▸ **Directions**
Wherever pictures appear in the listing below, leave them out, and copy exactly, and only, everything from the line with "Костюм из хлопковых" down to the line with "智通财经APP获悉,周五,美".

▸ **Supplied data**
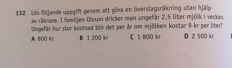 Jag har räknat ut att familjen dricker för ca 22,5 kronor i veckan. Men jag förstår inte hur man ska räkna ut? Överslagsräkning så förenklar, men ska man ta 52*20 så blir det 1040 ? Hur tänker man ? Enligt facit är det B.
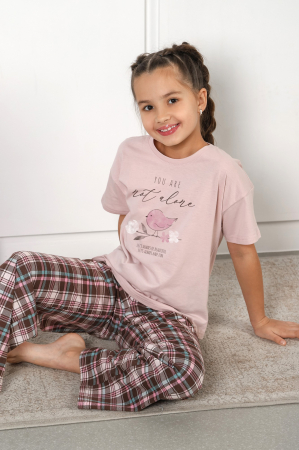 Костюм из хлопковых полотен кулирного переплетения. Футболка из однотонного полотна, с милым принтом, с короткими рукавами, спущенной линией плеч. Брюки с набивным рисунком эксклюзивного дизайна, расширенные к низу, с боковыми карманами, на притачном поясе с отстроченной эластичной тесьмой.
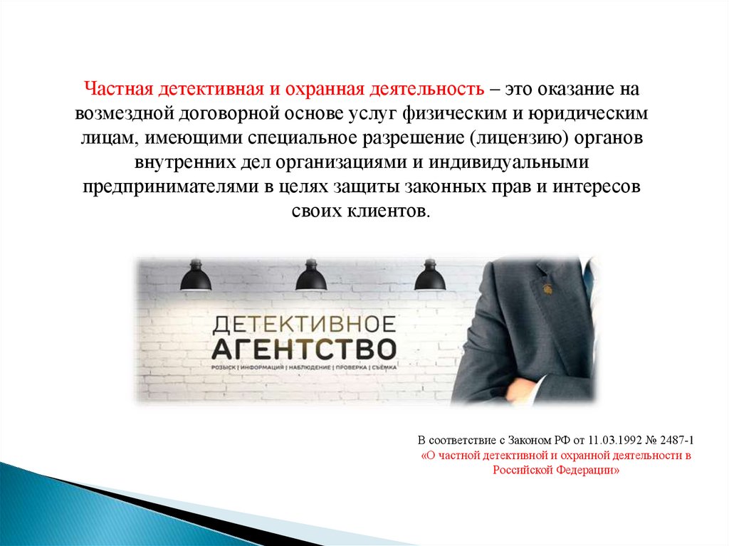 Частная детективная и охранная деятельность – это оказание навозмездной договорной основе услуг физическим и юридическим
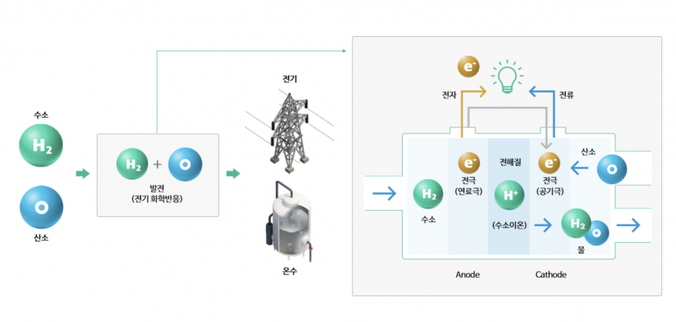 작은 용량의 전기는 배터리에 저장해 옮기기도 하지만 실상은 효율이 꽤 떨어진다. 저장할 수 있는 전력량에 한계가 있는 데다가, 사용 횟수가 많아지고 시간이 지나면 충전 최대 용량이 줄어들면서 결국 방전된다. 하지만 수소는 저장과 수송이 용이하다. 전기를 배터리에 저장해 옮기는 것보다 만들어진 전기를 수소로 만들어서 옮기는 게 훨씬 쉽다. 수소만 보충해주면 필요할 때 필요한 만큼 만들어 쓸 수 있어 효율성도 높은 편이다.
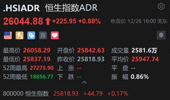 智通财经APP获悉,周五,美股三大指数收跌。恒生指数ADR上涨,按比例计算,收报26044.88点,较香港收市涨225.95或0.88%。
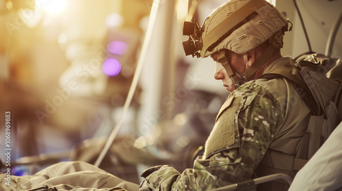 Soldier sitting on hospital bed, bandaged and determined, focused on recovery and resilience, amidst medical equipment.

...

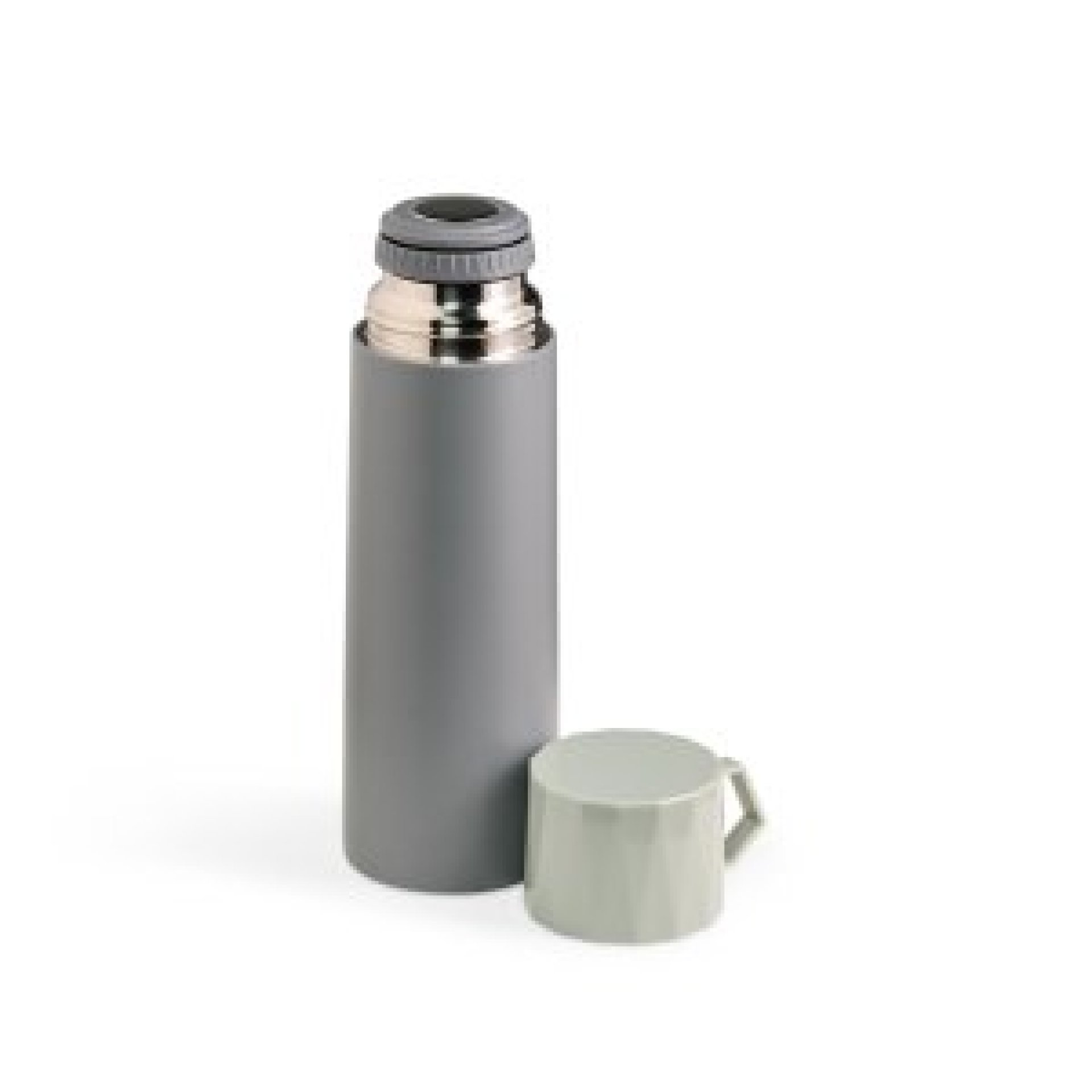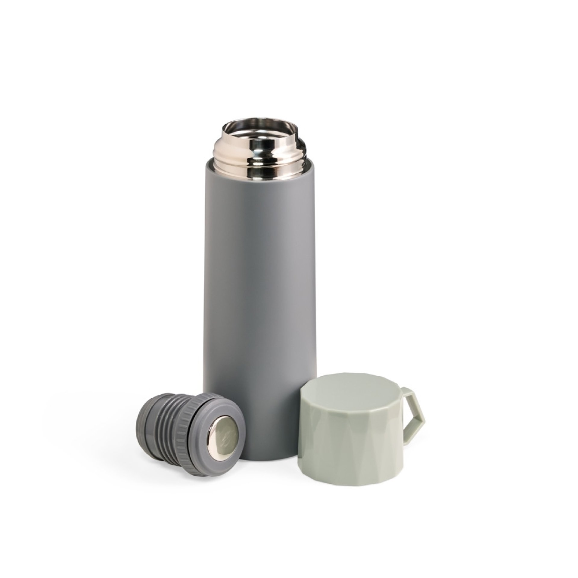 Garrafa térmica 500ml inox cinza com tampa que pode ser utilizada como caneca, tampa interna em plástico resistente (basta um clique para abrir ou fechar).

---

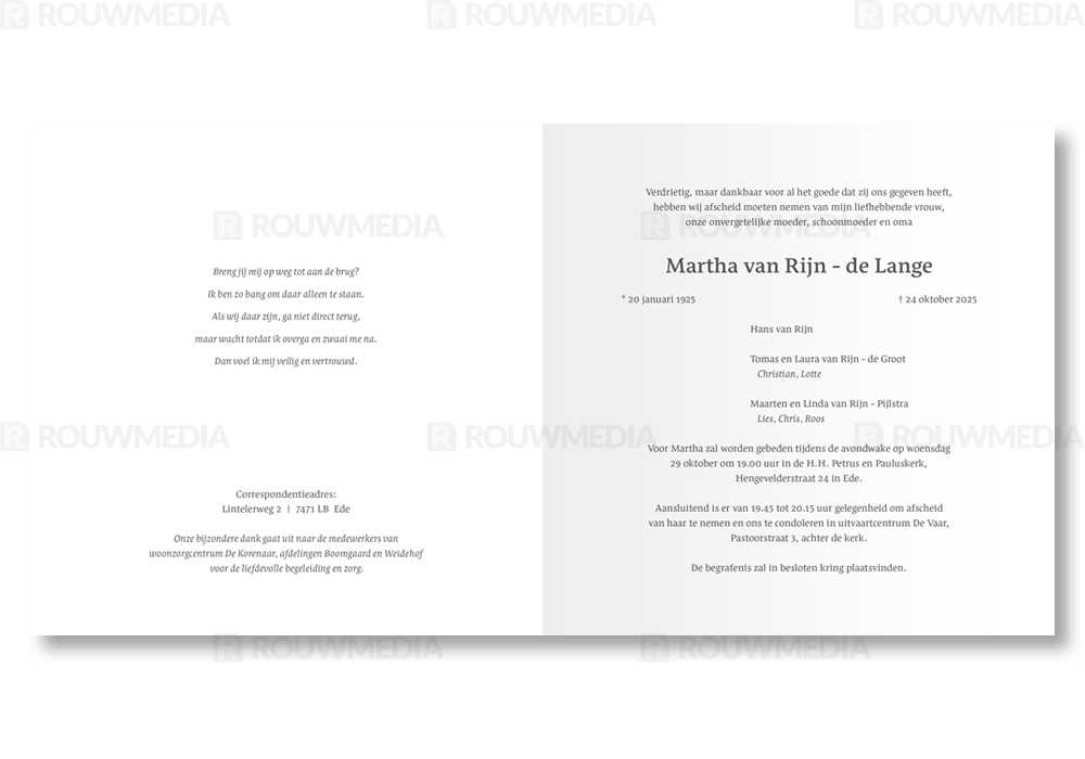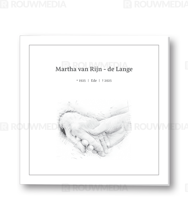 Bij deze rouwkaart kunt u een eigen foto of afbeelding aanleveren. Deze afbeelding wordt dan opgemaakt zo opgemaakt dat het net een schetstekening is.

▸ **Exercise result**
 Костюм из хлопковых полотен кулирного переплетения. Футболка из однотонного полотна, с милым принтом, с короткими рукавами, спущенной линией плеч. Брюки с набивным рисунком эксклюзивного дизайна, расширенные к низу, с боковыми карманами, на притачном поясе с отстроченной эластичной тесьмой.
 Частная детективная и охранная деятельность – это оказание навозмездной договорной основе услуг физическим и юридическим
 작은 용량의 전기는 배터리에 저장해 옮기기도 하지만 실상은 효율이 꽤 떨어진다. 저장할 수 있는 전력량에 한계가 있는 데다가, 사용 횟수가 많아지고 시간이 지나면 충전 최대 용량이 줄어들면서 결국 방전된다. 하지만 수소는 저장과 수송이 용이하다. 전기를 배터리에 저장해 옮기는 것보다 만들어진 전기를 수소로 만들어서 옮기는 게 훨씬 쉽다. 수소만 보충해주면 필요할 때 필요한 만큼 만들어 쓸 수 있어 효율성도 높은 편이다.
 智通财经APP获悉,周五,美股三大指数收跌。恒生指数ADR上涨,按比例计算,收报26044.88点,较香港收市涨225.95或0.88%。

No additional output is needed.